Security and Privacy of Visual Data

With a rapid development and acceptablity of computer vision based systems in one's daily life, securing of the visual data has become imperative. Security issues in computer vision primarily originates from the storage, distribution and processing of the personal data, whereas privacy concerns with tracking down of the user's activity. The current methods of securing an online protocol is to apply a cryptographic layer on top of an existing processing modules, thus securing the data against unauthorised third party access. However, this is often not enough to ensure the complete security of the user's privileged information. Through this work we address specific security and privacy concerns of the visual data. We propose application specific, computationally efficient and provably secure computer vision algorithms for the encrypted domain. More specifically we address the following issues:

  • Efficacy: Security should not be at the cost of accuracy.
  • Efficiency: Encryption/Decryption is computationaly expensive. Secure algorithms should be practical.
  • Domain Knowledge: Domain specific algorithms will be more efficient than generic solutions such as SMC.
  • Security: Algorithms need to be provably-secure and meet futuristic requirements.

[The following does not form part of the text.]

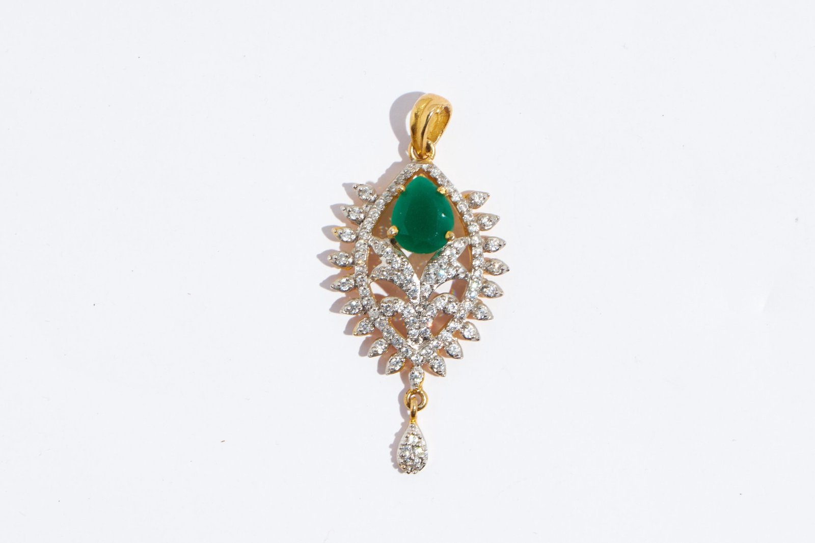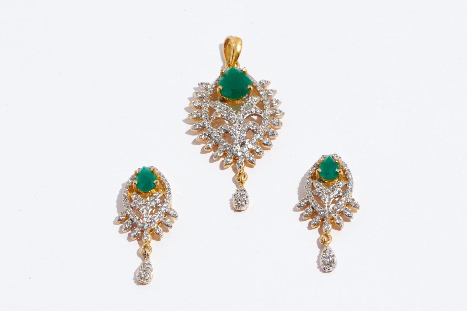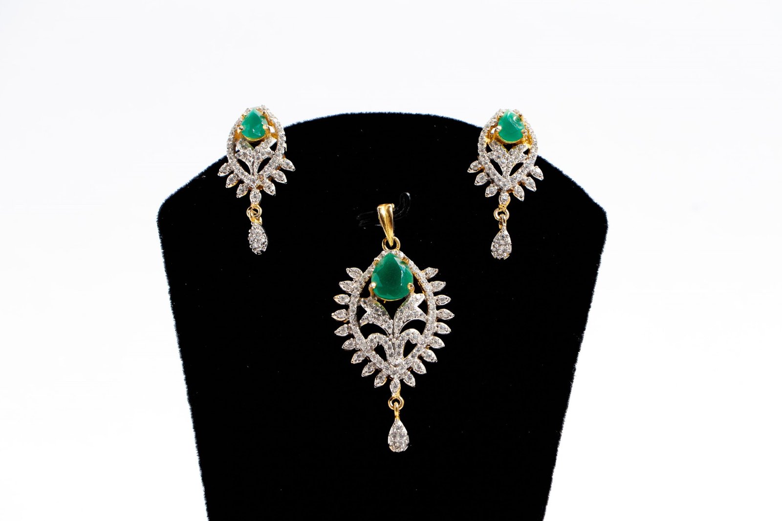 This pendant set is an exquisite type of jewelry that's sure to turn heads. The centerpiece of this pendant set is a dazzling green stone that sparkles and shines from every angle, creating an alluring and eye-catching effect. Surrounding the green stone are a series of s himmering zirconia stones, carefully arranged in a unique and intricate design that adds depth and dimension to thepiece. The pendant set is finished in a luxurious golden finish that adds warmth and sophistication to the overall aesthetic. Whether you're dressing up for a special occasion or simply adding a touch of elegance to your everyday look, it is the perfect choice.It has a superb colour combination.It is skin friendly too!

Private Content Based Image Retrieval

PCBIR IconFor content level access, very often database needs the query as a sample image. However, the image may contain private information and hence the user does not wish to reveal the image to the database. Private Content Based Image Retrieval (PCBIR) deals with retrieving similar images from an image database without revealing the content of the query image. not even to the database server. We propose algorithms for PCBIR, when the database is indexed using hierarchical index structure or hash based indexing scheme. Experiments are conducted on real datasets with popular features and state of the art data structures. It is observed that specialty and subjectivity of image retrieval (unlike SQL queries to a relational database) enables in computationally efficient yet private solutions.

[Project Homepage]

Blind Authentication: A Crypto-Biometric Verification ProtocolBA Icon

Biometric authentication provides a secure, non-repudiable and convenient method for identity verification. Hence they are ideal to be deployed in both high security as well as remote authentication applications. However, the assertions on security and non-repudiation are valid only if the integrity of the overall system is maintained. A hacker who gains physical or remote access to the system can read or modify the stored templates and successfully pose as or deny access to legitimate users. We propose a secure biometric authentication protocol over public networks using asymmetric encryption, which captures the advantages of biometric authentication as well as the security of public key cryptography. Blind Authentication provides non-repudiable identity verification, while not revealing any additional information about the user to the server or vice versa.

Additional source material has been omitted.